Но предъявить Сапожника не было никакой возможности. Никак нельзя привести их в спальню и указать на чёрное лохматое существо, скрюченное над швейной машинкой. «Вот он, знакомьтесь!» А существо кивнёт обезьяньей мордой, вытащит из зубов слюнявый молоточек и сипло проорёт: «Привет!»

Сергею удалось научить Сапожника нескольким словам, но лучше было не стараться: голос Сапожника оказался такой же, как и он сам: страшный, потусторонний, голос, проникающий мимо ушей сразу в голову.

«Привет!» – заорёт Сапожник.

Что будет, подумать страшно. Розовая свинка завизжит ещё пронзительней, а может, и в обморок свалится, а сосед? Кинется на него, он чёрных ненавидит. А может, и сбежит.

Сапожник выглядит жутко, Сергею непросто было привыкнуть к его облику. И до сих пор не привык, боится смотреть на него, содрогается, встретившись с ним взглядом, а вот теперь ломает голову, как избавиться от него, как выгнать из дома.

Стук прекратился, соседи наконец заткнулись и ушли, недовольно булькая. Вовремя. Сейчас завоняет.

Сергей защёлкнул дверь и начал быстро конопатить её по периметру скотчем с ватой. Скотч был уже наготове – прилеплен к косяку, и Сергей привычно проворно приклеивал другой край к двери. Он уже почти завершил своё дело, стоя на коленях перед дверью, когда в ноздри ударил едкий запах краски. Сапожник закончил очередную пару и принялся выкрашивать сапоги.

Сергей встал, поднял глаза к потолку, потряс рукам в бессильном отчаянии и прошёл в спальню. Его кровать вместе с охапкой нестиранного белья стояла на боку, перевёрнутая, прислонённая к стене. Вся комната была завалена сапогами, туфлями, ботинками, штиблетам, сандалиями разных размеров и расцветок.

Лицом к окну, почти уткнувшись носом в горячую батарею, на перевёрнутом деревянном ящике сидел Сапожник и, кряхтя, высунув кончик языка – Сергей видел его отражение в низком без шторы окне, – выкрашивал ботинок широкой кисточкой, набухшей от блестящей коричневой краски. Стояла едкая химическая вонь. Худое, но жилистое тело, скрюченное почти узлом, в серых промасленных штанах и рубашке сосредоточенно пульсировало. Из-под болтающихся расстёгнутых манжет торчала длинная шерсть, а руки переливались проплешинами чешуи.

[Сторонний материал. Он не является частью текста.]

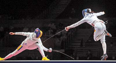 7月24日,中国选手孙一文(右)在女子个人重剑决赛中。新华社记者 李明摄

Сергей зажал нос, проговорил гнусаво:

– Когда придут за обувью? Скоро в комнате место закончится.

Сапожник повернулся, обезьяний безгубый рот растянулся в улыбку.

– Привет, – проорал он.

Сергей вздрогнул. В ушах зазвенело, он поморщился.

– Да, привет-привет, когда за обувью придут? На кухню не пущу, я там сплю, – Сергей отчаянно ткнул пальцем в дверь кухни.

Сапожник серьёзно посмотрел на Сергея, цокнул языком и запустил свежевыкрашенный ботинок в угол. Осмотрелся, хлопнул чешуйчатыми ладонями. Понятно, материал закончился. Сергей вздохнул и поплёлся на кухню. Смотреть, как Сапожник рожает кожу и нитки, он не мог, к горлу подступала тошнота; он вспомнил, что с утра ничего не ел, а на кухонных часах с бегающими кошачьими глазами было уже шесть вечера.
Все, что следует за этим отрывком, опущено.